== Study material
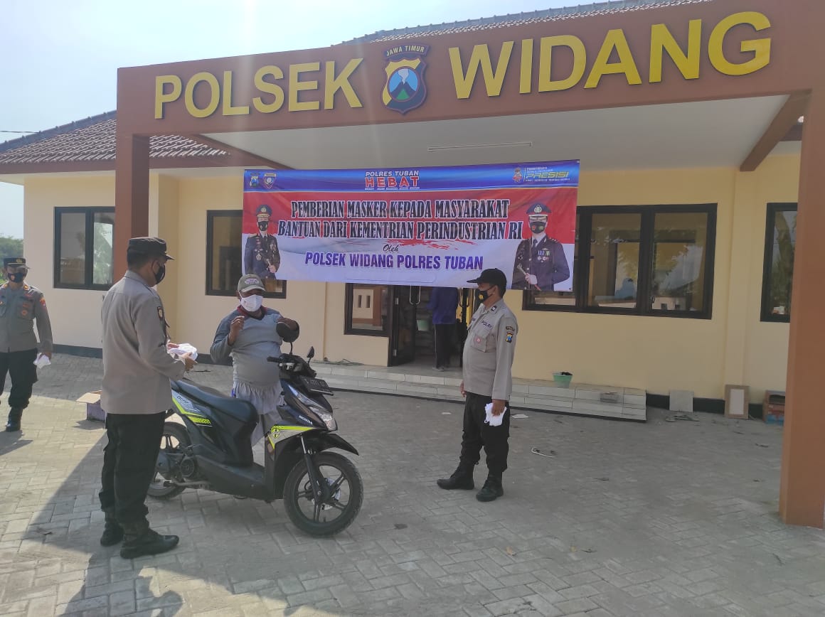 wacananews.com – PolresTubanJatim Berlokasi di Halaman Mapolsek Widang yang baru Desa Compreng, Kapolsek Widang AKP Totok Wijanarko, S.Pd., didampingi Wakilnya IPTU Ali Mas’ud, S.H., beserta anggota membagikan masker kepada warga masyarakat yang sedang beraktifitas, Kamis (06/05/2021).
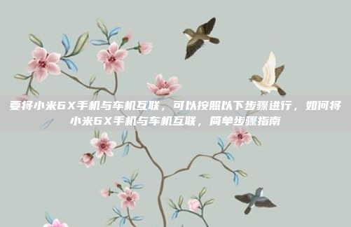 要将小米6X手机与车机互联,首先确保手机和车机的系统都是最新版本,打开手机的蓝牙功能,并在车机端选择蓝牙配对,输入手机显示的配对码完成连接,随后,打开手机的“小米车联”应用,按照提示完成账号登录和设备绑定,在车机互联功能中,选择需要连接的设备,完成配对即可实现手机与车机的互联,根据个人需求设置互联功能,如音乐播放、导航同步等,以获得更好的使用体验。
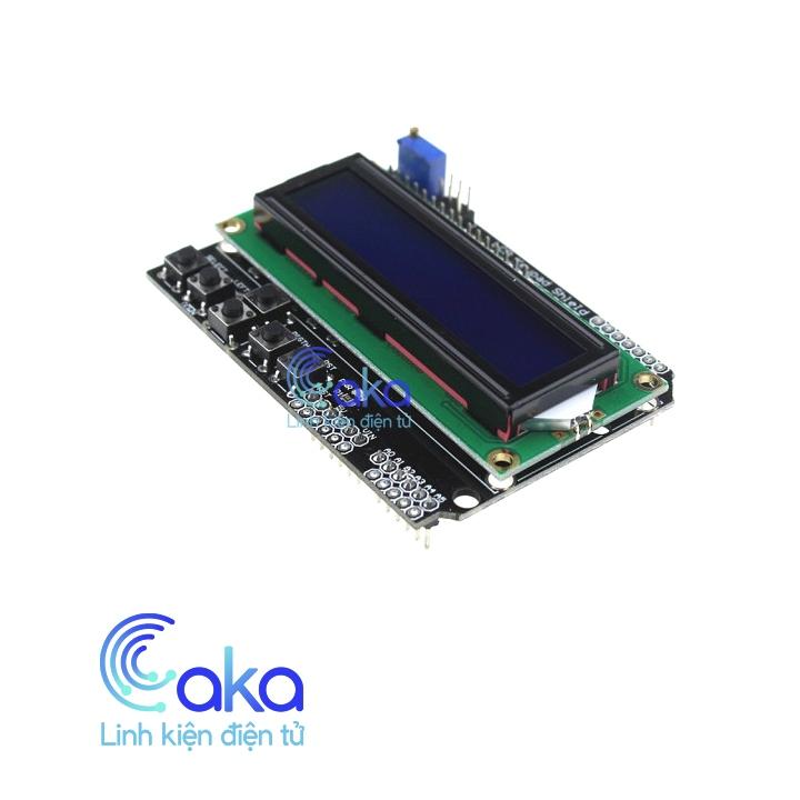 LCD1602 Keypad Shield được phát triển và tương thích với các board Arduino, nhằm tạo một giao diện người dùng thân thiện, cho phép người dùng đơn giản hóa quá trình điều chỉnh và làm mạch. Module này bao gồm màn hình LCD 16×2 ký tự để hiển thị chữ trắng đèn nền xanh dương và bàn phím có 6 phím — chọn, lên, phải, xuống, trái và reset.
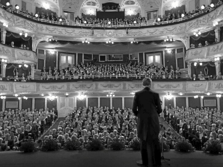 El título, tomado de la frase “Danza primero, piensa más tarde”, hace alusión a una cita del personaje Godot, pero sacada de su contexto irónico. Filmada en blanco y negro, la trama arranca en Estocolmo en 1969, durante la ceremonia en la que Beckett -interpretado por un excelente Gabriel Byrne- recibirá el Premio Nobel de Literatura. Sentado junto a su esposa Suzanne -interpretara por Sandrine Bonnaire-, murmura: «Qué catástrofe» -una opinión en realidad atribuida a ella-, y luego sube al escenario. En lugar de dar un discurso, sube una escalera que da a un vasto espacio cavernoso y entabla una conversación consigo mismo, encarnado por un Byrne vestido con su característica chaqueta de tweed.
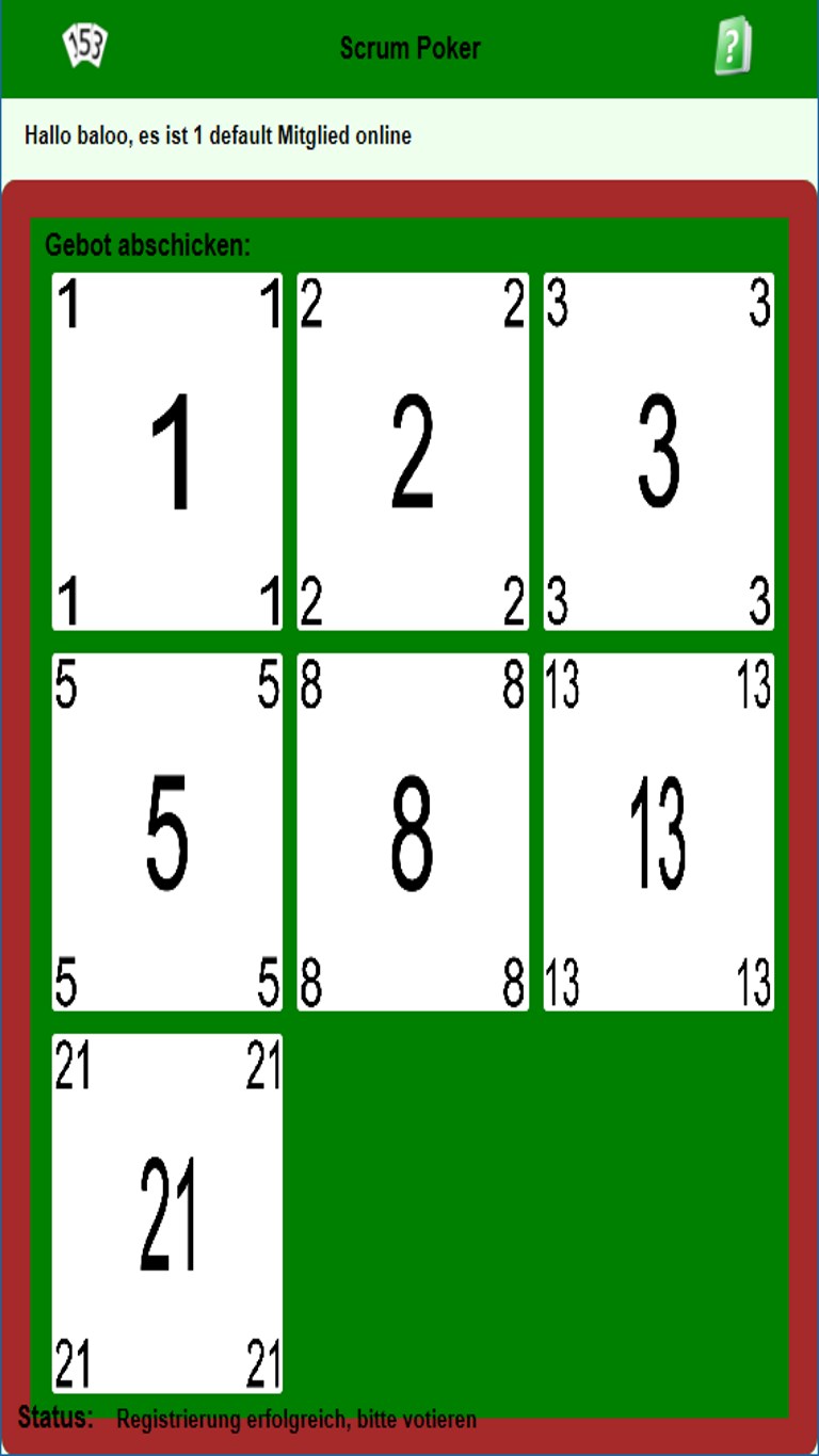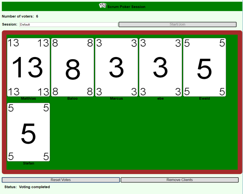 First a session ID must be defined and started. With this ID all members must connect to this session. Then the backlog items can be groomed one after the other. After one item is groomed the scrum master resets all votings and the next voting can be performed. After the session the members could just leave the app or the scrummaster removes all members actively.
====
Work to be completed ▸ Every line between the one containing "LCD1602 Keypad Shield" and the last line of the data above, both included, should be copied exactly, but not the pictures.

Written solution ▸
 LCD1602 Keypad Shield được phát triển và tương thích với các board Arduino, nhằm tạo một giao diện người dùng thân thiện, cho phép người dùng đơn giản hóa quá trình điều chỉnh và làm mạch. Module này bao gồm màn hình LCD 16×2 ký tự để hiển thị chữ trắng đèn nền xanh dương và bàn phím có 6 phím — chọn, lên, phải, xuống, trái và reset.
 El título, tomado de la frase “Danza primero, piensa más tarde”, hace alusión a una cita del personaje Godot, pero sacada de su contexto irónico. Filmada en blanco y negro, la trama arranca en Estocolmo en 1969, durante la ceremonia en la que Beckett -interpretado por un excelente Gabriel Byrne- recibirá el Premio Nobel de Literatura. Sentado junto a su esposa Suzanne -interpretara por Sandrine Bonnaire-, murmura: «Qué catástrofe» -una opinión en realidad atribuida a ella-, y luego sube al escenario. En lugar de dar un discurso, sube una escalera que da a un vasto espacio cavernoso y entabla una conversación consigo mismo, encarnado por un Byrne vestido con su característica chaqueta de tweed.
 First a session ID must be defined and started. With this ID all members must connect to this session. Then the backlog items can be groomed one after the other. After one item is groomed the scrum master resets all votings and the next voting can be performed. After the session the members could just leave the app or the scrummaster removes all members actively.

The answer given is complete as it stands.